Salı günü yapılacak İsrail seçimlerinde Arap partilerin kaderini İslam Hareketi'nin boykot çağrısı belirleyecek. Hareketin lideri Salah, Arapların hakları için alternatif yollar araması gerektiğini söylüyor. Salah'ın 17 Mart'ta yapılacak seçimde boykot çağrısı yapması zaten bekleniyordu. Ancak seçimlere ilk kez ortak listeyle Arap partileri, seçmenlerinin sandığa gitmesi için yoğun bir kampanya yürüttü. Ortak listenin adayları israil'in sol partileriyle ittifak ihtimaline İslam Hareketi'nden gelecek oyları kaybetmemek adına pek de sıcak bakmadıklarını söylüyorlar.
Salah, İsrail Parlamentosu Knesset'e girmenin bir hata, koalisyon kurmanın ise bir felaket olacağı konusunda ısrarlı.
İsrail nüfusunun yüzde yirmisini oluşturan 1948 yılında israil kurulduğunda yaşadıkları yerler İsrail içinde kalan Araplar vatandaş olmalarına karşın sürekli ayrımcılığın mağduru oluyorlar.
Batı Şeria ve Doğu Kudüs'te de destekçi sayısı gün geçtikçe artan İslam Hareketi'nin lideri Salah ile israil'in kuzeyindeki Ümmü'l Fehim kasabasında, Batı Şeria sınırında yaşadığı yerde, devrik Mısır cumhurbaşkanı Muhammed Mursi'nin fotoğraflarının da olduğu evinde görüştük.
Salah, 2010 yılında Türkiye'den yola çıkarak Gazze'ye yardım götüren ve uluslararası sularda israil askerlerinin saldırısına uğrayan Mavi Marmara gemisindeydi. Mavi Marmara'nın hem öncesinde hem sonrasında, israil'de defalarca gözaltına alındı, Filistin'de yaptığı eylemlerden dolayı yargılandı. Hâlâ sürmekte olan bir davadan dolayı yurt dışı çıkış yasağı bulunan Salah'ın Kudüs'e girişi de yasaklandı.

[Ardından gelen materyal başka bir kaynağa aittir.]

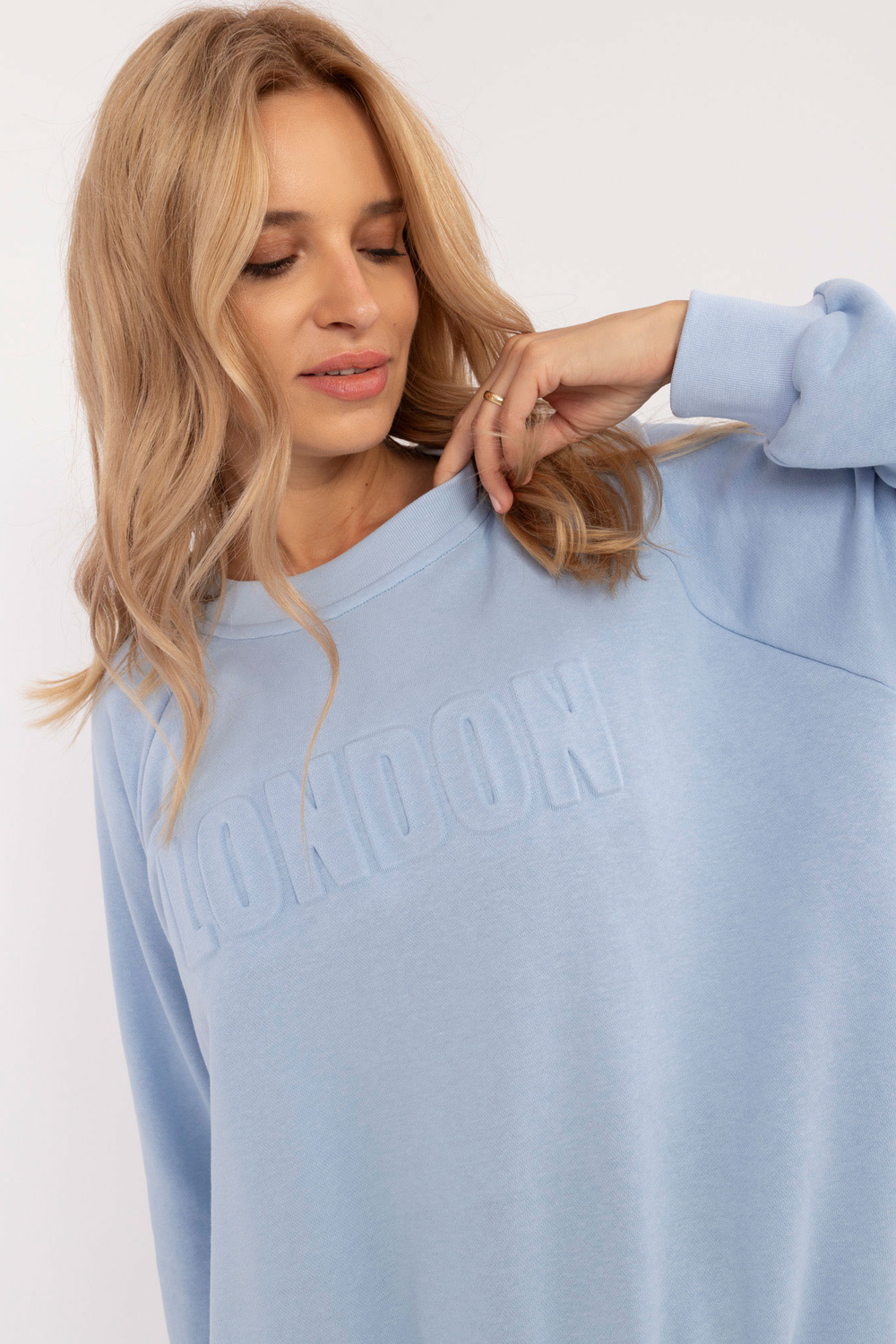 Modele valkā viena izmēra izmēru. Modeļa izmēri: augums 175 cm, krūtis 90 cm, viduklis 66 cm, gurni 94 cm.

‘Arap milletvekillerini kullanıyorlar'
Salah, boykot çağrısının sebeplerini, Knesset'te bugüne kadar Araplar için hiçbir olumlu sonuç alınamadığını söyleyerek anlatıyor:
“İslami Hareket olarak seçimi boykot ediyoruz çünkü Knesset'in Siyonist amaçlara hizmet eden bir aracı olduğunu biliyoruz. Tam olarak böyle çünkü Knesset kendisini Yahudilerin temsilcisi olarak tanımlıyor. Geçmiş deneyimlerimize dayanarak daha önce 19 dönemde Knesset'e giren Arap milletvekillerinin Araplar için hiçbir şey yapmadılar. Bize hak ettiğimiz hiçbir faydayı sağlayamadılar ve üzerimizdeki baskıyı hiç azaltamadılar. Tam tersi, Knesset'in Arap karşıtı eylemleri arttı. Araplara ait olan toprakları zapt ettiler. Aynı zamanda bizi açıkça öldürmeye devam ettiler. Son olarak israil Knesset'inin Arap üyelerini israil dışında görüntüsünü kurtarmak için, demokratik olduğunu söyleyebilmek için kullandığını düşünüyorum. Bunu kendi yararlarına kullanıyorlar ama bizim için hiçbir faydası olmuyor.”